_WHAT IS BEING ASKED_: Using the material below, print the line that contains "Extérieur cadre et", the line that contains "12.63, 死叉后最低价格8.56,已经下跌超出预测最低波谷价格, 预期反弹", and every line in between, exactly and nothing else.

_EXCERPTED DATA_:
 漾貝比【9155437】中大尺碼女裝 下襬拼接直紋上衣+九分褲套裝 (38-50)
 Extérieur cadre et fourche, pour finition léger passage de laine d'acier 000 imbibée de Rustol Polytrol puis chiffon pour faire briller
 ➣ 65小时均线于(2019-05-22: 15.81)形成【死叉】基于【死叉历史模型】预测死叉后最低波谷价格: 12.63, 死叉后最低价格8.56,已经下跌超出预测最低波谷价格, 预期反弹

* * *

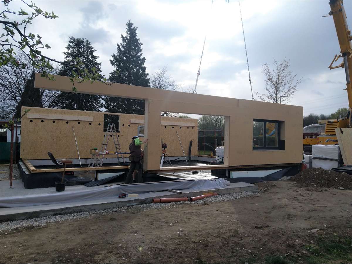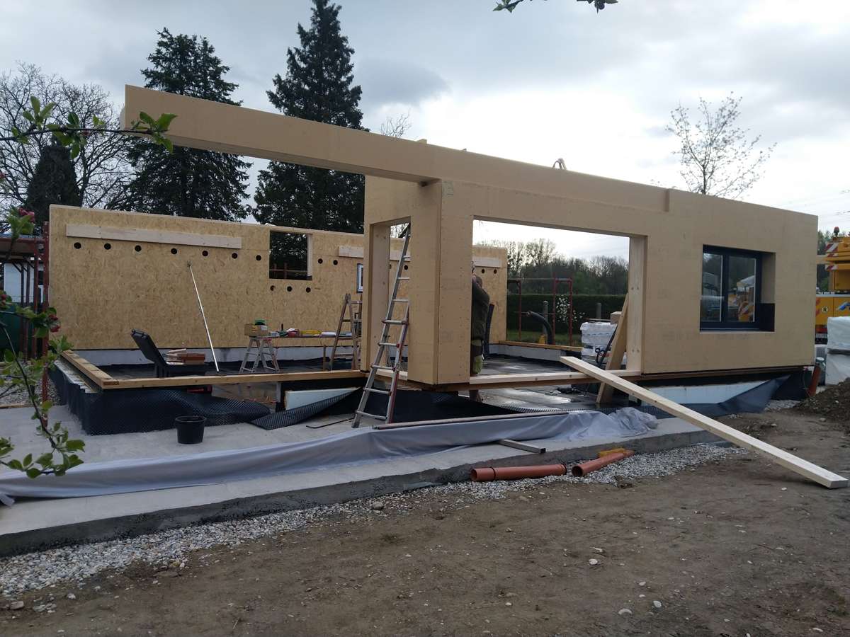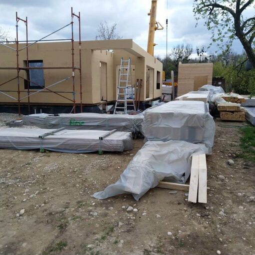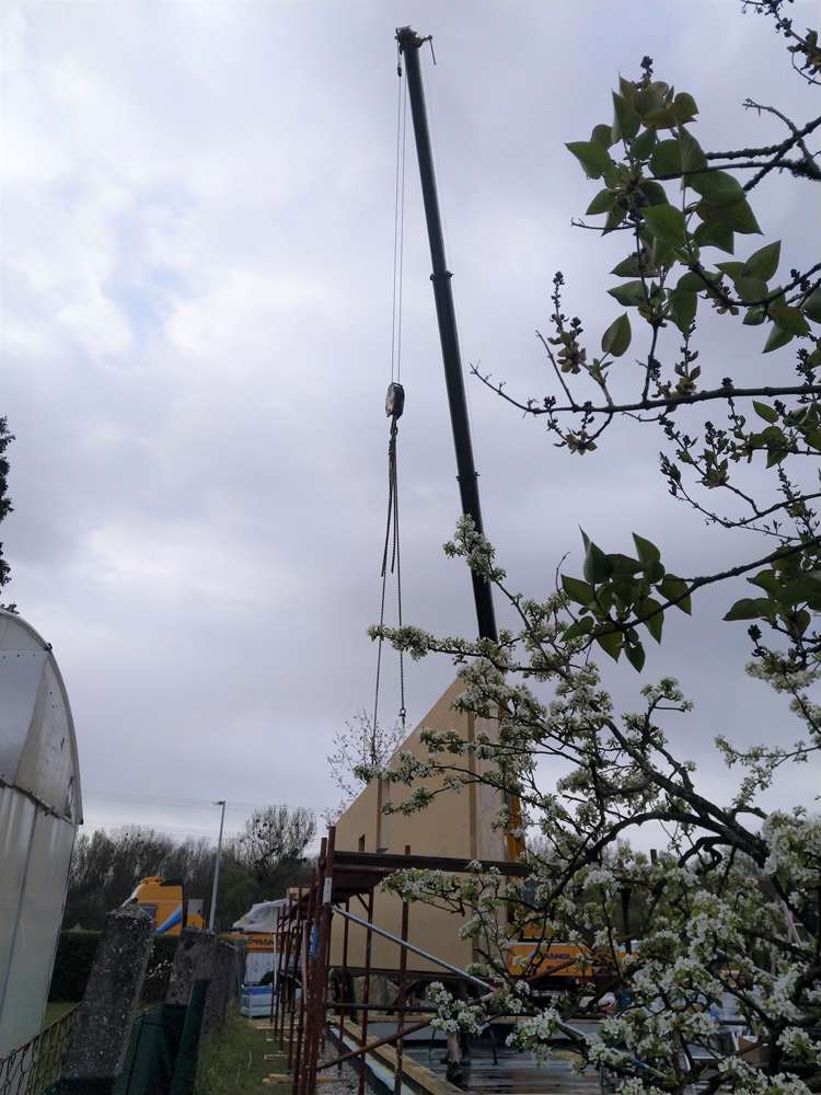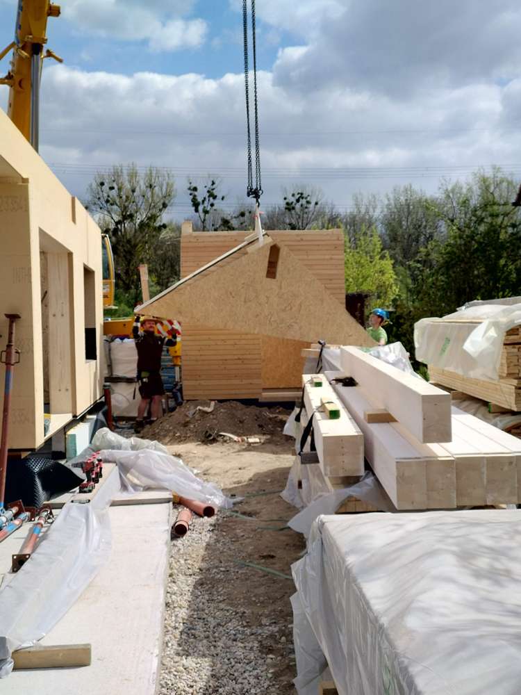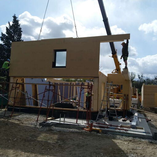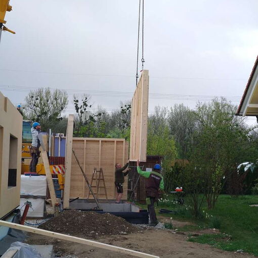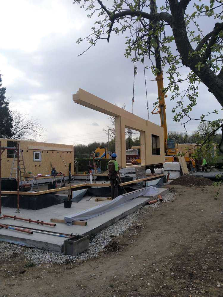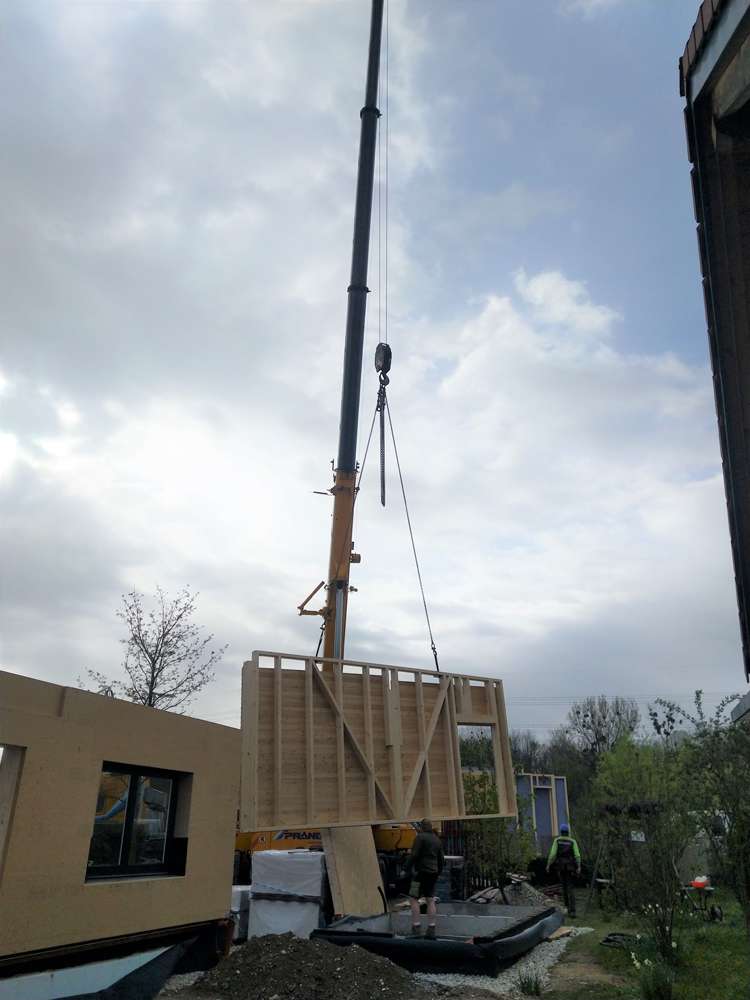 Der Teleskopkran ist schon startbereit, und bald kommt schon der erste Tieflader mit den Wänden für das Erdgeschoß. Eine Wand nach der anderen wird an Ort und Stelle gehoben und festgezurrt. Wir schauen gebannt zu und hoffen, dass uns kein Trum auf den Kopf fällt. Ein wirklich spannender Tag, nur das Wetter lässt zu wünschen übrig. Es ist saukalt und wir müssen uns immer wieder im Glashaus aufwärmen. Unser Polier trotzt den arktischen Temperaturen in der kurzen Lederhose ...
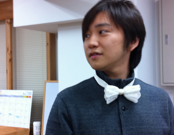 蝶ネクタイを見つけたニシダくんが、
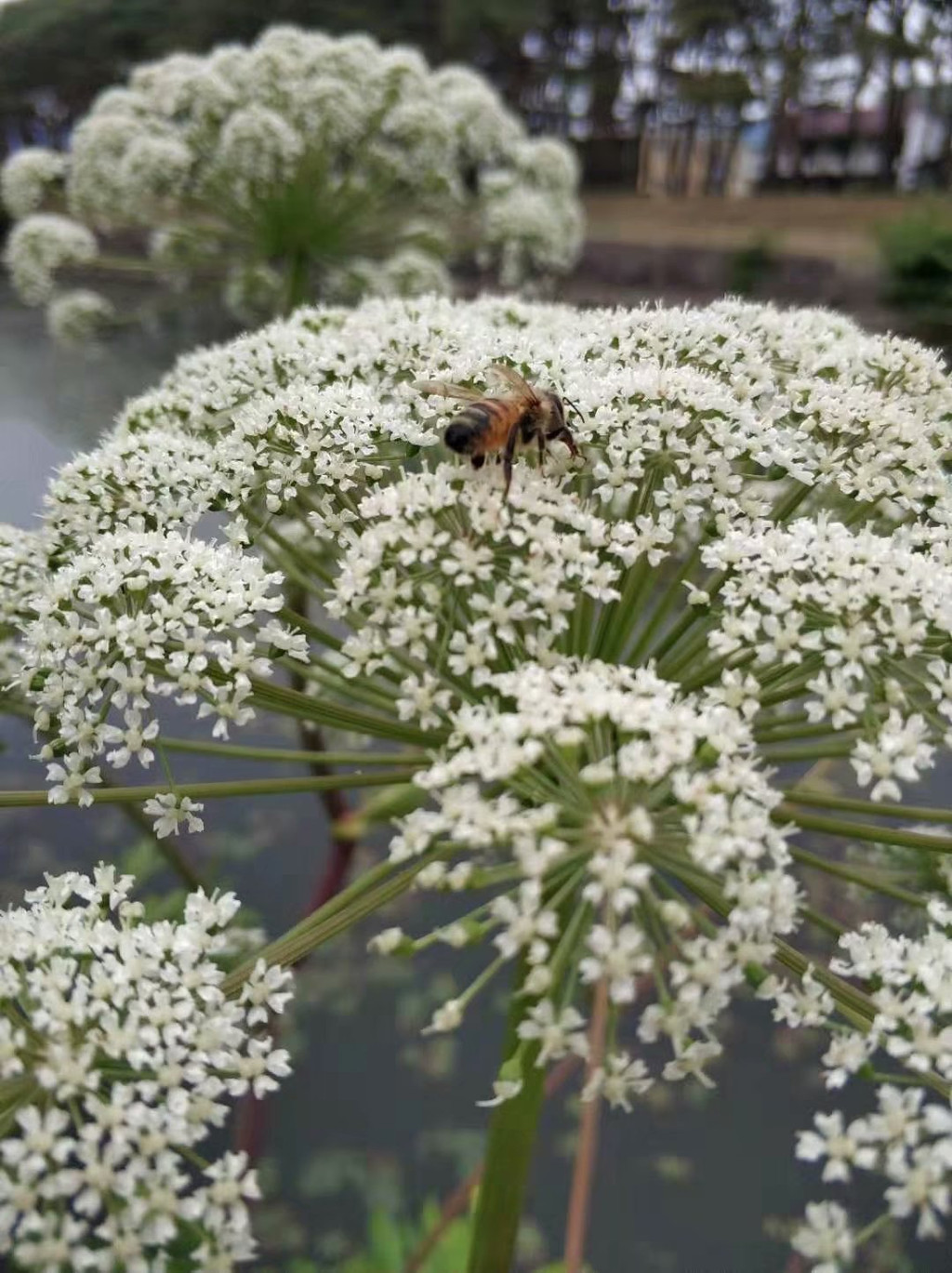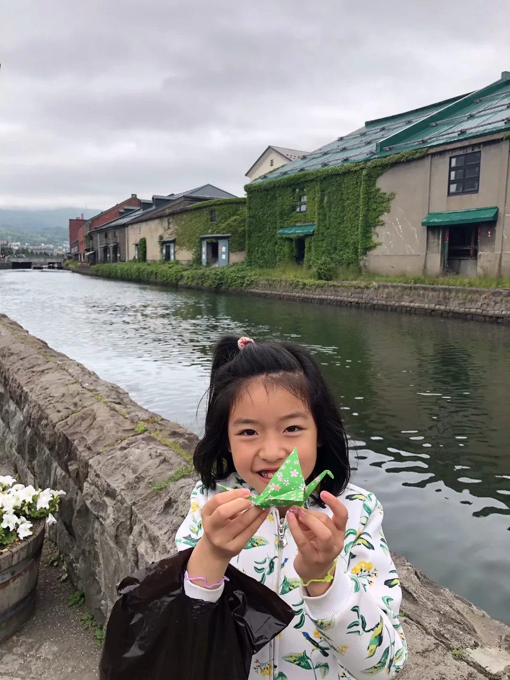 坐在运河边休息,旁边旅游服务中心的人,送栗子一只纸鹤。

--

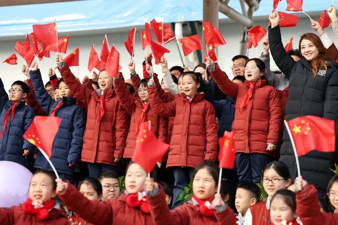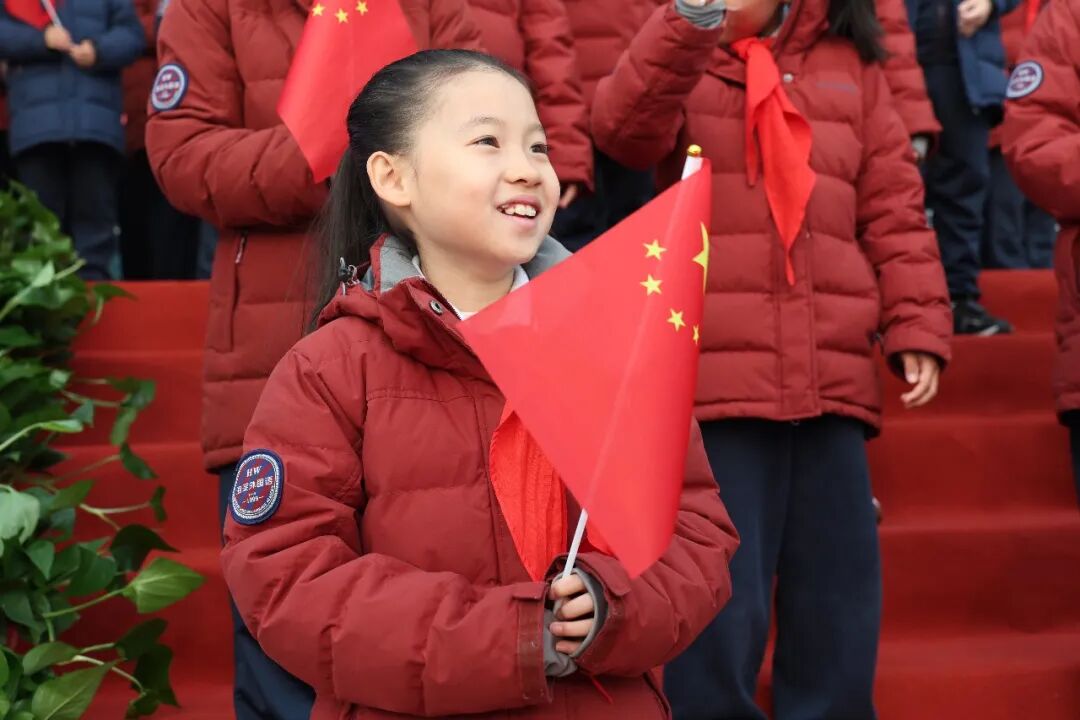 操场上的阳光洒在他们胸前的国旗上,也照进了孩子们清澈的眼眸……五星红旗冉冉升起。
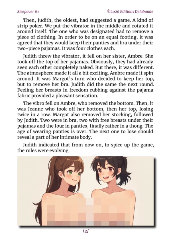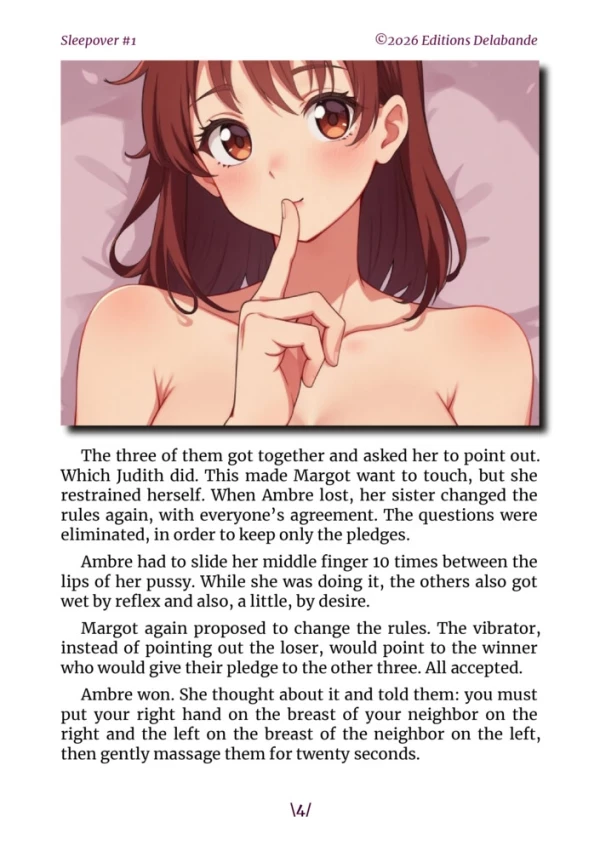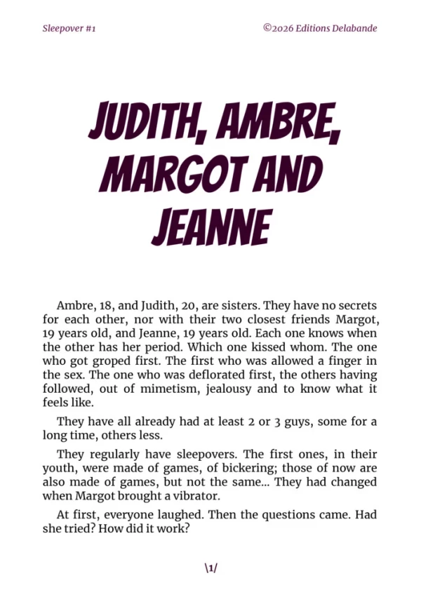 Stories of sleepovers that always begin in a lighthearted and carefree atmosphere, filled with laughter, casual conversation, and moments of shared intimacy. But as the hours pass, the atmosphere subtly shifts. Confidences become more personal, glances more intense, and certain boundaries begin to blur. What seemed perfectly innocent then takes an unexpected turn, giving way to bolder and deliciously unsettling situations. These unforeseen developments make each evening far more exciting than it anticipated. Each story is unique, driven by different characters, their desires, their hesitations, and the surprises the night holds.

_TASK SOLUTION_:
 Extérieur cadre et fourche, pour finition léger passage de laine d'acier 000 imbibée de Rustol Polytrol puis chiffon pour faire briller
 ➣ 65小时均线于(2019-05-22: 15.81)形成【死叉】基于【死叉历史模型】预测死叉后最低波谷价格: 12.63, 死叉后最低价格8.56,已经下跌超出预测最低波谷价格, 预期反弹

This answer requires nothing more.